Exercise requirements:
Copy out again, unchanged, the listing below from the line that has "腰から滑らかに落ちるシルエッ" through the line that has "Определить модуль скорости".

Information given:
·····

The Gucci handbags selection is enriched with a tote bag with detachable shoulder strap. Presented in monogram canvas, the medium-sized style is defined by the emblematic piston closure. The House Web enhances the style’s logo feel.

·····

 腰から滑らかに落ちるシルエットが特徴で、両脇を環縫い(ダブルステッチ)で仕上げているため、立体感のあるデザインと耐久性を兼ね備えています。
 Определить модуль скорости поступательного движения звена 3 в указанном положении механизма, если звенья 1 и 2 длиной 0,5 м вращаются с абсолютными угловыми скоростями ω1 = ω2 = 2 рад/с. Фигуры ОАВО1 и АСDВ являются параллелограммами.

·····

Output for this task:
 腰から滑らかに落ちるシルエットが特徴で、両脇を環縫い(ダブルステッチ)で仕上げているため、立体感のあるデザインと耐久性を兼ね備えています。
 Определить модуль скорости поступательного движения звена 3 в указанном положении механизма, если звенья 1 и 2 длиной 0,5 м вращаются с абсолютными угловыми скоростями ω1 = ω2 = 2 рад/с. Фигуры ОАВО1 и АСDВ являются параллелограммами.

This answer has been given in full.